- [Task instructions] Reproduce only what runs from the line containing "3 Host Compatible" to the line containing "Koristeluun: Käytä esimerkiksi" in the records below, inclusive. Keep it exact, and keep the pictures out.

- [Recorded information]

━━━━━━━━━━━━━━━━━━━━

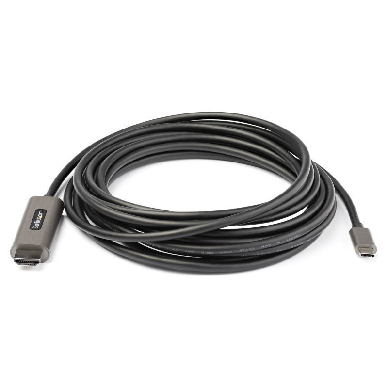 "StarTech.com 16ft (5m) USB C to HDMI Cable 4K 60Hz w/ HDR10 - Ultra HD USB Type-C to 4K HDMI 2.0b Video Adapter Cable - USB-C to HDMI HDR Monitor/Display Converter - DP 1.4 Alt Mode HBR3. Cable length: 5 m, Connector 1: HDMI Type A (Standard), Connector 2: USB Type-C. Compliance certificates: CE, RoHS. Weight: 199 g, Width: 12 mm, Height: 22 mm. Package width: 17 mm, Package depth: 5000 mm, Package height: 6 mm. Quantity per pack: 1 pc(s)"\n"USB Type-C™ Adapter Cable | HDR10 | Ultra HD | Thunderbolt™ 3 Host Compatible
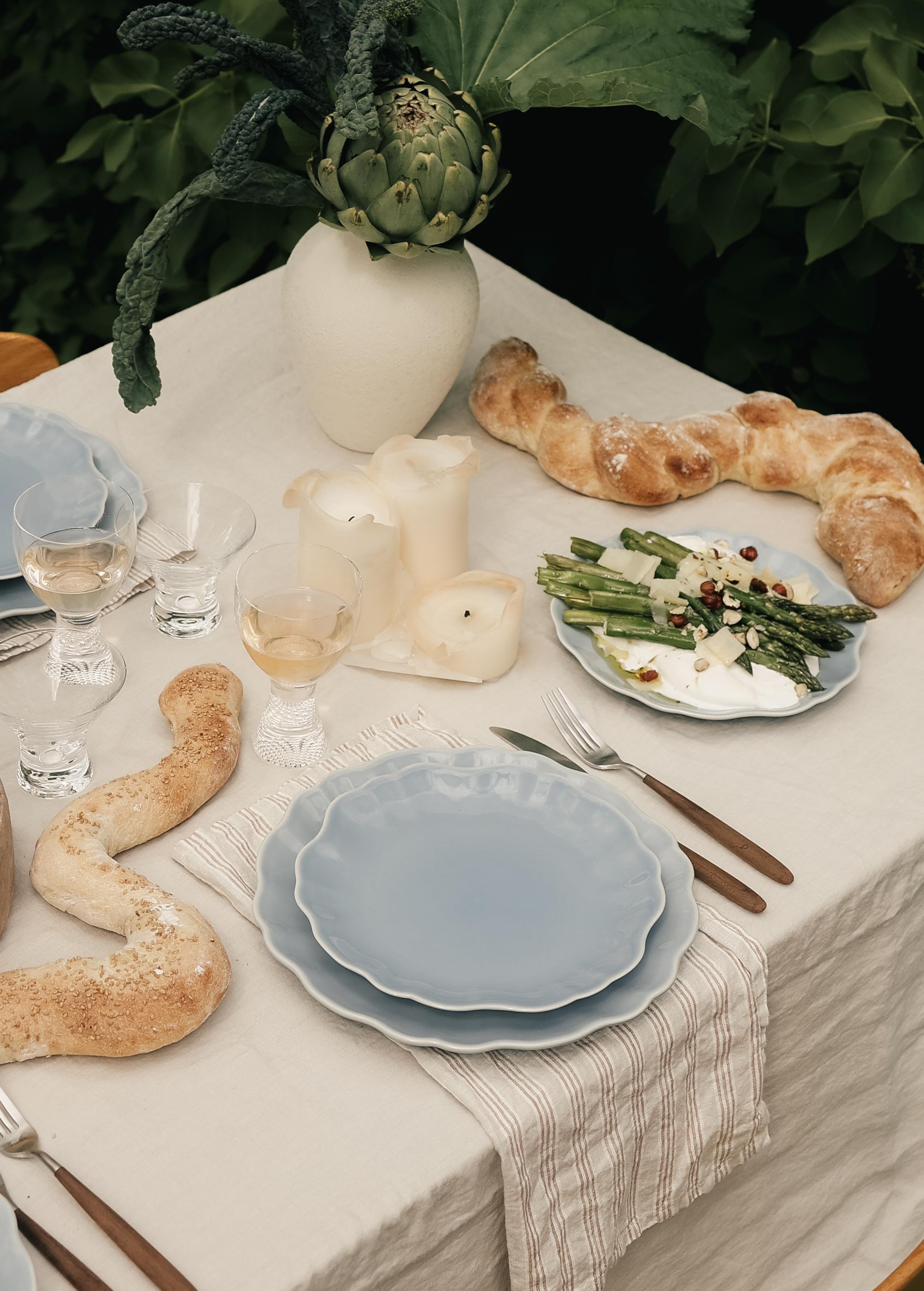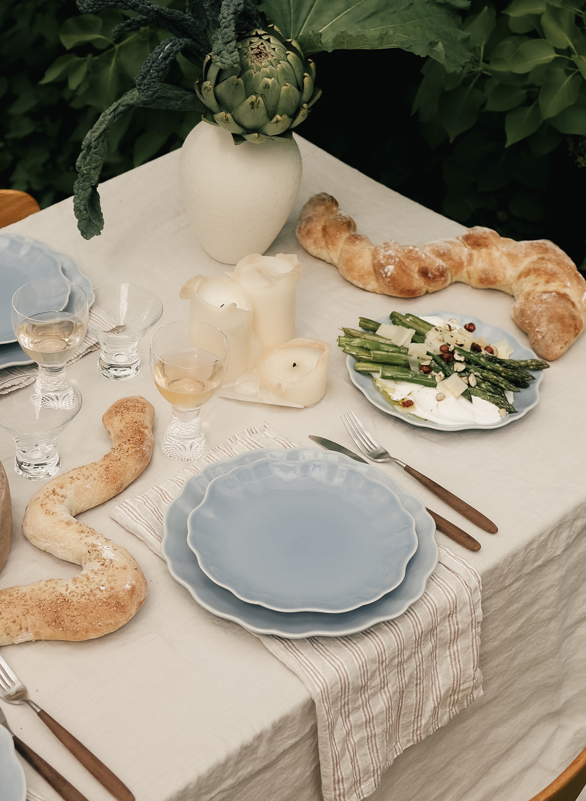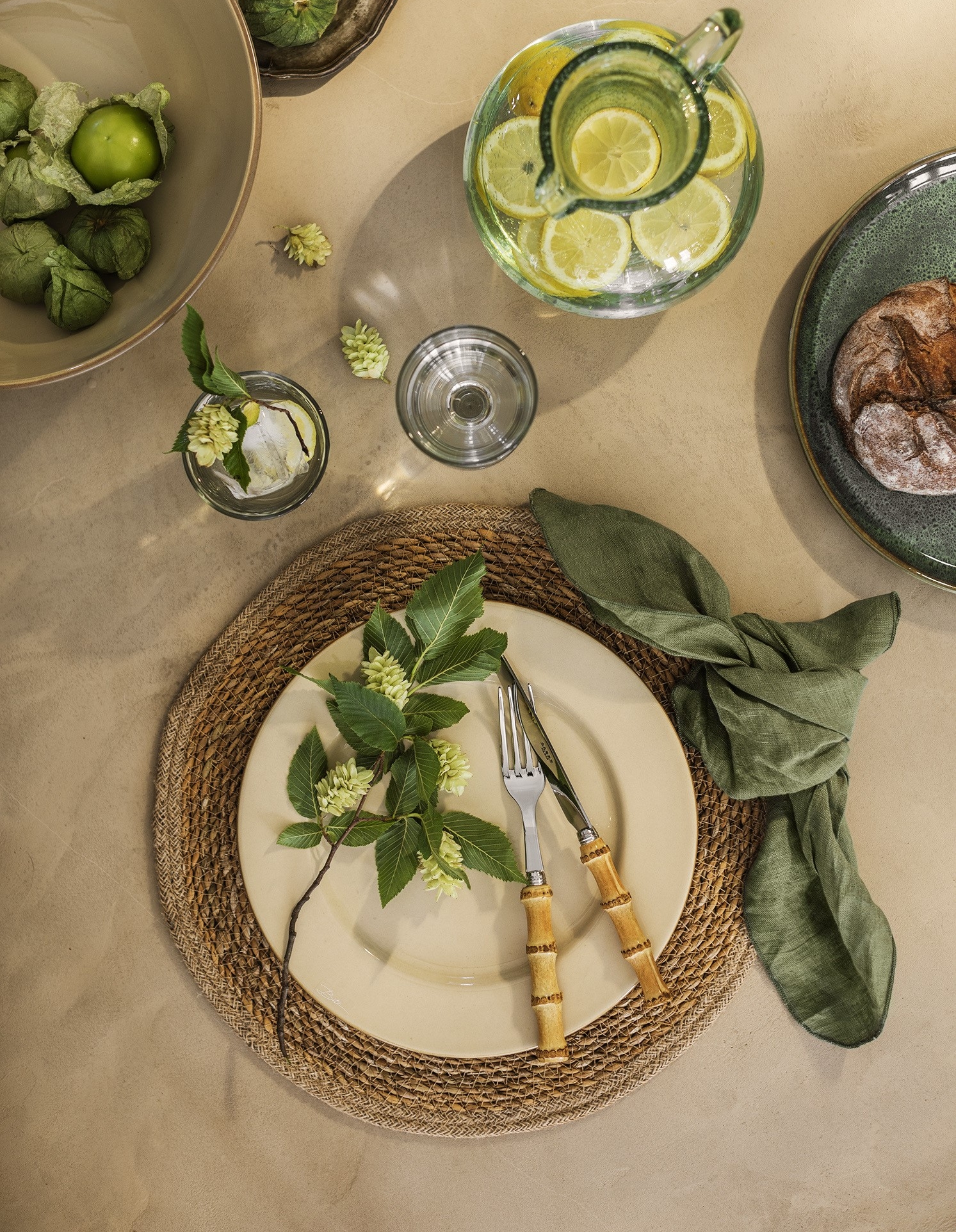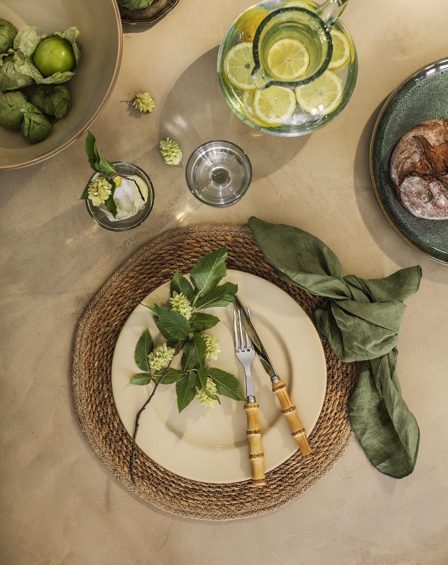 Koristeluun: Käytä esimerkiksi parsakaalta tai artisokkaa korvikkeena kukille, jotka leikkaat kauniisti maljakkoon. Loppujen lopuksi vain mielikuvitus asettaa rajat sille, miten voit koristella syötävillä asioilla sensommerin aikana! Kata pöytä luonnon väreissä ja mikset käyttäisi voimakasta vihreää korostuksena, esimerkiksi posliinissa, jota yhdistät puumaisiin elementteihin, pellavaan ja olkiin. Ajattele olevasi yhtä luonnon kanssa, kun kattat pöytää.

━━━━━━━━━━━━━━━━━━━━

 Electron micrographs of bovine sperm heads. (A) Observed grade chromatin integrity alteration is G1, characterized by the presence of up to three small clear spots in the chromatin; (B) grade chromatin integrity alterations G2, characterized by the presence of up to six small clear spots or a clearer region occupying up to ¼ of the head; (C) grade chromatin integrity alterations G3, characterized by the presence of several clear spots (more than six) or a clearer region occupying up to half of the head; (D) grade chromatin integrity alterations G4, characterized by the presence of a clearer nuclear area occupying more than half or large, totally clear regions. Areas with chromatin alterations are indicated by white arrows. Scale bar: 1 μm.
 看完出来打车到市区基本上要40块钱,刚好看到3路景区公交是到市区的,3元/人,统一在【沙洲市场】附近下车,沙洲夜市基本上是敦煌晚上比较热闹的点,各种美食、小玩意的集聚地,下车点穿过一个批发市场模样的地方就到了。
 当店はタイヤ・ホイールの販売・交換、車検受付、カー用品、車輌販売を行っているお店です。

━━━━━━━━━━━━━━━━━━━━

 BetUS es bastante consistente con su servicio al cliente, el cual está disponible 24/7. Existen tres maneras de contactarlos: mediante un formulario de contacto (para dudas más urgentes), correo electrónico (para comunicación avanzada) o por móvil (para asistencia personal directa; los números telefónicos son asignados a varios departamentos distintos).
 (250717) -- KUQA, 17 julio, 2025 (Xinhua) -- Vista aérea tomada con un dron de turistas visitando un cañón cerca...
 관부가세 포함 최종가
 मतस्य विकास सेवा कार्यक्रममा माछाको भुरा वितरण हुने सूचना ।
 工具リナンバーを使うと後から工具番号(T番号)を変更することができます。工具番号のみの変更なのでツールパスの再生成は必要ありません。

━━━━━━━━━━━━━━━━━━━━

- [Solution]
 "StarTech.com 16ft (5m) USB C to HDMI Cable 4K 60Hz w/ HDR10 - Ultra HD USB Type-C to 4K HDMI 2.0b Video Adapter Cable - USB-C to HDMI HDR Monitor/Display Converter - DP 1.4 Alt Mode HBR3. Cable length: 5 m, Connector 1: HDMI Type A (Standard), Connector 2: USB Type-C. Compliance certificates: CE, RoHS. Weight: 199 g, Width: 12 mm, Height: 22 mm. Package width: 17 mm, Package depth: 5000 mm, Package height: 6 mm. Quantity per pack: 1 pc(s)"\n"USB Type-C™ Adapter Cable | HDR10 | Ultra HD | Thunderbolt™ 3 Host Compatible
 Koristeluun: Käytä esimerkiksi parsakaalta tai artisokkaa korvikkeena kukille, jotka leikkaat kauniisti maljakkoon. Loppujen lopuksi vain mielikuvitus asettaa rajat sille, miten voit koristella syötävillä asioilla sensommerin aikana! Kata pöytä luonnon väreissä ja mikset käyttäisi voimakasta vihreää korostuksena, esimerkiksi posliinissa, jota yhdistät puumaisiin elementteihin, pellavaan ja olkiin. Ajattele olevasi yhtä luonnon kanssa, kun kattat pöytää.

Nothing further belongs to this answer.